The election of a democratic Parliament came at the end of World War II. To defuse the powerful separatist movement in Sicily, the Sicilian Regional Council was established in February 1945. After the regional elections of April 20, 1947, this body was reborn as the Sicilian Regional Assembly on May 25, 1947.  In 1997 the Assembly celebrated its 900th anniversary. On 26 January 2008, for the first time in republican history, the Assembly was dissolved by the resignation of Regional President Salvatore Cuffaro.

Seat 
The Assembly has its seat in the prestigious Palazzo dei Normanni (Norman Palace) in Palermo. It was constructed in the 11th century following the Norman conquest of Sicily and has seen several expansion and renovation operations. It hosted the kings of Sicily, including Frederick II of Swabia, and later the viceroy of Spain.  Adjacent is the Palatine Chapel. The tourist services in the Palace and the Palatine Chapel are entrusted to the Foundation Frederick II.

Composition 
The Assembly is composed of seventy deputies elected by direct universal suffrage every five years by voters in Sicily. Until 2017, the members were 90. From 25 May 1947 to now there were XVII legislatures, initially for a period of four years, while in 1971 five years. For the first time the XIV^ legislature ended prematurely in 2008 due to the resignation of the President of the region, Salvatore Cuffaro.
The actual electoral mechanism, which includes a barrier of 5% of the list, provide for the provincial colleges of 62 members plus the president-elect and a candidate for president most votes among the non-elect. The remaining six seats are allocated to the majority share to reach 42 members.

Electoral system

From 1947 until 1996, the Sicilian Regional Assembly had 90 regional deputies elected with the proportional system on the basis of the nine provincial constituencies, while the president of the region and the assessors were elected by the deputies. In the 2001 election, the Sicilian regional presidency became a directly elected office, and the Tatarella Law was applied temporarily to elect 72 deputies from the provincial constituencies, while 18 came from the list of the elected president and one for the second classified among the president candidates, with the threshold at 4 percent.

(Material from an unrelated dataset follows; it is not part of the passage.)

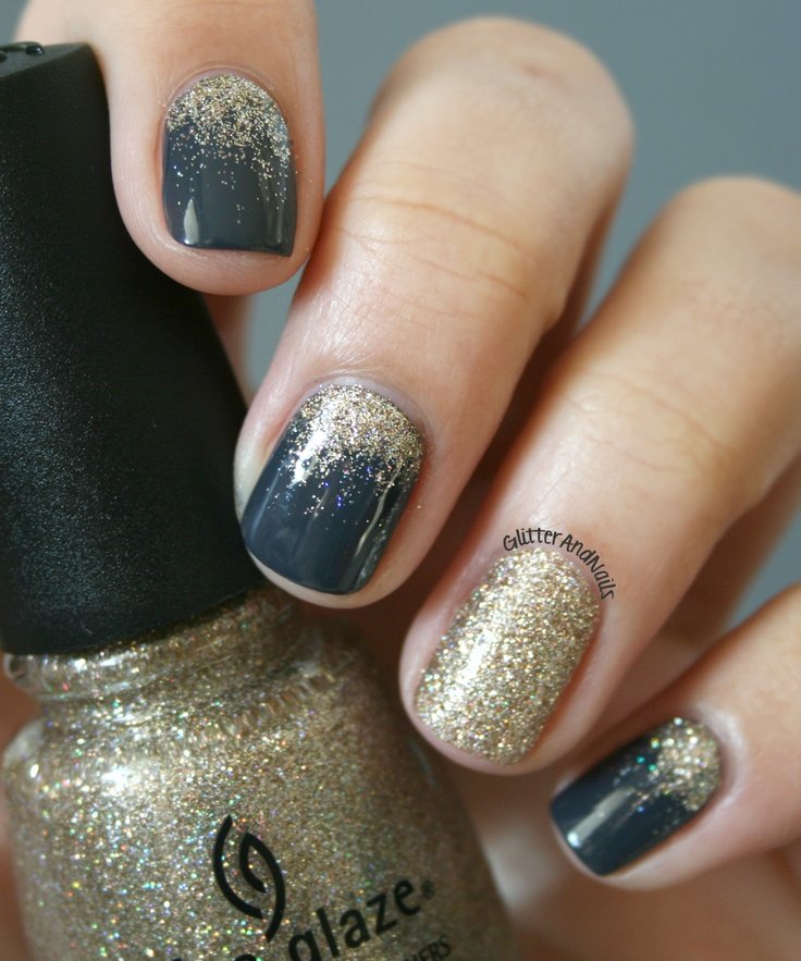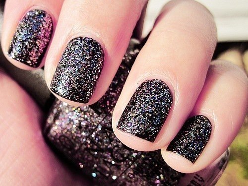 • Una base en negro y glitter en plateado…

A new electoral law was adopted in 2005. This law created a mixed electoral system with the following parameters:

80 out of 90 deputies are chosen through a proportional system in the provincial constituencies, with an electoral barrier of 5% on a regional basis for each party;
proportional seats are distributed only at the provincial level;
the distribution at the provincial level (proportional to the population and therefore variable each term) was: 7 seats for the province of Agrigento, 4 for Caltanissetta, 17 for Catania, 3 for Enna, 11 for Messina, 20 for Palermo, 5 for Ragusa, 6 for Syracuse, 7 for Trapani;
up to 9 deputies (including the President) are elected with the regional list of the presidential candidate to reach the threshold of 54 majority seats;
1 seat is reserved for the second-place finisher in the presidential election.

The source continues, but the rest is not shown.